Assis en tailleur, il se positionna au milieu du matelas et attendit. Ses paupières papillonnaient. Ses yeux fixaient les chiffres rouges et agressifs.

3 h 08… 3 h 09… Sharko se mit à décompter contre son gré les secondes dans sa tête, 60, 59, 58, 57… Un rituel dont il était incapable de se débarrasser, qui revenait nuit après nuit. L’enfer au fond de sa cervelle cramée.

Le chiffre des minutes changea.

3 h 10. L’impression d’une explosion, d’une fin du monde.

Un an et seize jours plus tôt, à la minute près, son téléphone avait sonné. Il ne dormait pas non plus, cette nuit-là. Il se rappela alors la voix masculine, provenant du laboratoire de la police scientifique de Poitiers, qui lui avait annoncé le pire. Des mots jaillis d’outre-tombe :

« Les résultats sont formels. Les examens comparatifs de l’ADN de Lucie Henebelle et de la victime brûlée dans les bois sont positifs. Il s’agit donc soit de Clara, soit de Juliette Henebelle, mais nous n’avons aucun moyen d’en savoir plus pour le moment. Je suis désolé. »

D’un geste las, Sharko se glissa sous les draps et les remonta jusqu’au menton, avec le morne espoir de somnoler deux heures, peut-être trois. Juste de quoi survivre. Seuls les vrais insomniaques savent combien les nuits sont longues, et à quel point les fantômes hurlent. Les bruits de la nuit qui résonnent… Et puis, les pensées qui brûlent la tête… Pour contrer cette torture, le vieux flic avait presque tout essayé, en vain.

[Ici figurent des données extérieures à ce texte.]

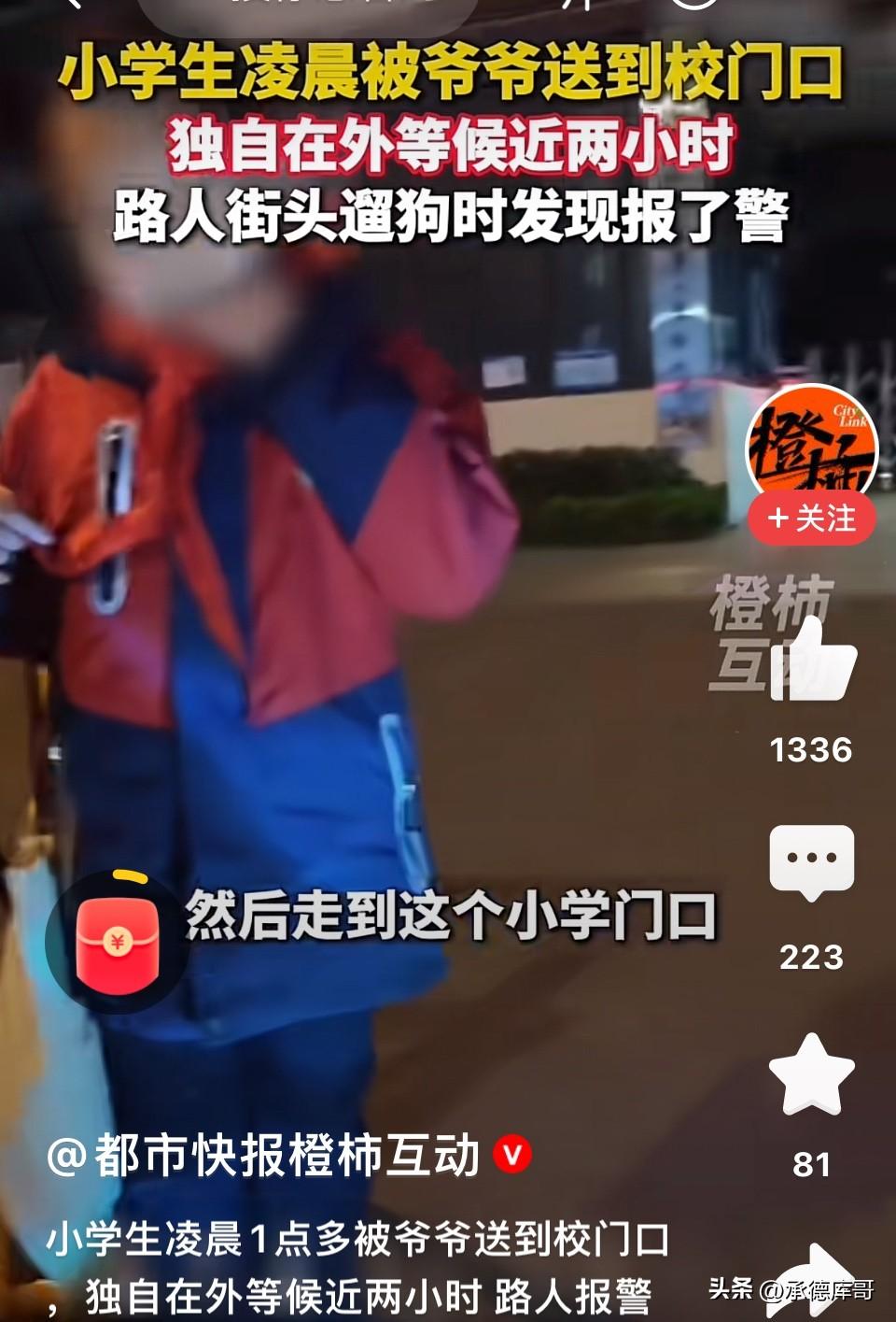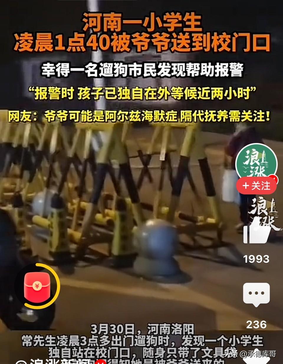 让人心酸!河南洛阳,80岁爷爷凌晨1:40就把孙子送到了学校,孙子在寒夜苦等2个多小时才被遛狗男子报警后送回家。网友:估计爷爷把1:40看成7:40了! 凌晨1:40夜还很黑,一个80岁的老人骑着三轮车,把上小学一年级孙子送到学校门口,然后转身离开。 孩子一个人站在漆黑的校门口,一直在等待学校开门,可是两个多小时过去了天还没有亮,更没有学生来到校园。 直到凌晨4点左右,一位遛狗的常先生经过,发现了这个独自在寒风中瑟瑟发抖的孩子。 男子赶紧上前询问孩子情况,得知是平时都是由爷爷奶奶照顾他的生活。是被爷爷送来上学的。 常先生便问了孩子爷爷的电话,想着联系孩子爷爷赶紧把孩子接回去。 还好孩子清楚的记得爷爷电话号码,常先生拨通了电话可是老人却糊里糊涂的也说不清楚,根本无法沟通。 常先生拨打了报警电话求助,警方很快赶到现场,在核实好孩子身份孩子后,警察将孩子安全送回了家。 事情曝光后,迅速在网上引发热议,有人说:“80岁的爷爷凌晨一点多送孙子上学?这时间点也太离谱了吧,是爷爷记错了时间还是孩子搞错了?” 也有人质疑:“孩子的父母呢?为什么是80岁的爷爷在照顾孩子?这么大年纪了,自己都照顾不好自己,还要操心孙子的上学问题。” 还有人心疼孩子:“大半夜的,一个13岁的孩子在黑漆漆的校门口站了两个多小时,得多害怕啊。幸好遇到好心人,不然后果不堪设想。” 更有人直接开骂:“这当爷爷的是不是糊涂了?凌晨一点多把孩子扔学校门口,自己回家睡觉?沟通还无果,这是对孙子不负责任!” 在这件事里,我们与其去指责一个80岁的老人,不如去思考更深层的问题。 80岁,本该是儿孙绕膝、安享晚年的年纪。可他还在深夜里骑着三轮车送孙子上学。为什么?因为孩子的父母不在身边。 这背后折射出的,是无数农村家庭的真实写照:父母外出打工,孩子留给年迈的老人照顾。老人年纪大了,记性差了,甚至有些糊涂了,但他们依然在拼尽全力地“扛”着。 凌晨1:40,这个时间点,爷爷可能是真的记错了。也许是老人家把时间听错了、记混了,也许是孩子说了什么让老人误解了。但你能说他不爱孙子吗?一个80岁的老人,大半夜不睡觉,骑着三轮车送孩子去学校,这份心意,让人泪目。 最让人心疼的是那个孩子,正是需要父母陪伴的年纪,可他没有。他跟着80岁的爷爷生活,凌晨一点多被送到学校,发现学校没开门,他没有手机,联系不上爷爷,只能一个人站在黑暗里等,等了两个多小时。 他害怕吗?肯定害怕。 但他能怎么办?他没有别的选择。 我们总说“隔代亲”,可“隔代亲”的背后,是多少老人的力不从心,是多少孩子的孤单无助。 这样的故事不应该只被当成一个“乌龙事件”来消费。它应该让更多人看到——在那些我们看不见的地方,还有很多老人和孩子,正在艰难地生活着。 他们需要的,不是我们键盘上的指责,而是实实在在的关注和帮助。 愿每一个深夜等待的孩子,都能被温柔以待。愿每一个白发苍苍的老人,都不必在寒夜里奔波。

L’immobilité, les somnifères, la synchronicité respiratoire, même le sport jusqu’à s’effondrer de fatigue. Le corps pliait, mais pas l’esprit. Et il se refusait à voir un psy. Il en avait sa claque de tous ces médecins qui l’avaient déjà suivi depuis de trop longues années pour sa schizophrénie.

Il n’aurait jamais, jamais la paix.

Il ferma les yeux et imagina des ballons jaunes qui se laissaient porter par la crête des vagues – ses images à lui pour tenter de s’endormir. Au bout d’un certain temps, il perçut enfin le ressac de la mer, le murmure du vent, le crissement des grains de sable. Ses bras s’engourdissaient, la torpeur s’installait, il entendait même son cœur nourrir ses muscles épuisés. Mais comme chaque fois qu’arrivait l’endormissement, l’écume des vagues vira au rouge sang, rejetant les ballons à moitié crevés sur la plage où seules traînaient des ombres noires d’enfants.

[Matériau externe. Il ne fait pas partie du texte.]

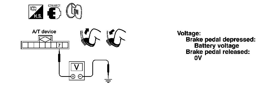 - Check voltage between A/T device harness terminal 7 and ground.

Et il pensa à elle, encore, toujours. Elle, Lucie Henebelle, dont l’image se résumait à un visage, un sourire, des larmes. Que devenait-elle ? Sharko avait discrètement appris qu’elle avait démissionné, quelques jours après l’arrestation de l’assassin et le drame qui aurait enterré n’importe quel être humain. Depuis, avait-elle réussi à sortir la tête hors de l’eau ou avait-elle sombré, comme lui, au fond du trou ? À quoi ressemblaient ses journées, ses nuits ?

Son gros cœur de flic malade se mit à battre plus vite. Bien trop vite pour espérer s’endormir. Alors Sharko se retourna, et recommença. Les vagues, les ballons, le sable chaud…

Le lundi 6 septembre, son téléphone sonna à 7 h 22, alors qu’il prenait son décaféiné, seul, face à une grille de mots croisés même pas remplie au tiers. À la définition « Dieu de la violence et du mal », il avait noté « Seth », puis avait abandonné son jeu en silence, l’esprit trop embrouillé. Avant, il l’aurait terminée en quelques heures, cette grille, mais là…

À l’autre bout de la ligne, Nicolas Bellanger, son nouveau chef, lui demandait de se rendre rapidement au Centre de primatologie de Meudon, à quatre kilomètres de Paris. Une femme venait d’être retrouvée morte dans une cage, agressée et mutilée par un chimpanzé, semblait-il.

Sharko raccrocha sèchement. Il approchait la fin de sa carrière, et on le faisait enquêter sur des singes. Il voyait parfaitement ses collègues se débiner et lui refiler la patate chaude. Il imaginait les railleries, les regards en coin, les « Alors, Commissaire, tu flirtes avec les macaques maintenant ? »

Du fin fond de sa tristesse, il se dit qu’il était tombé bien bas.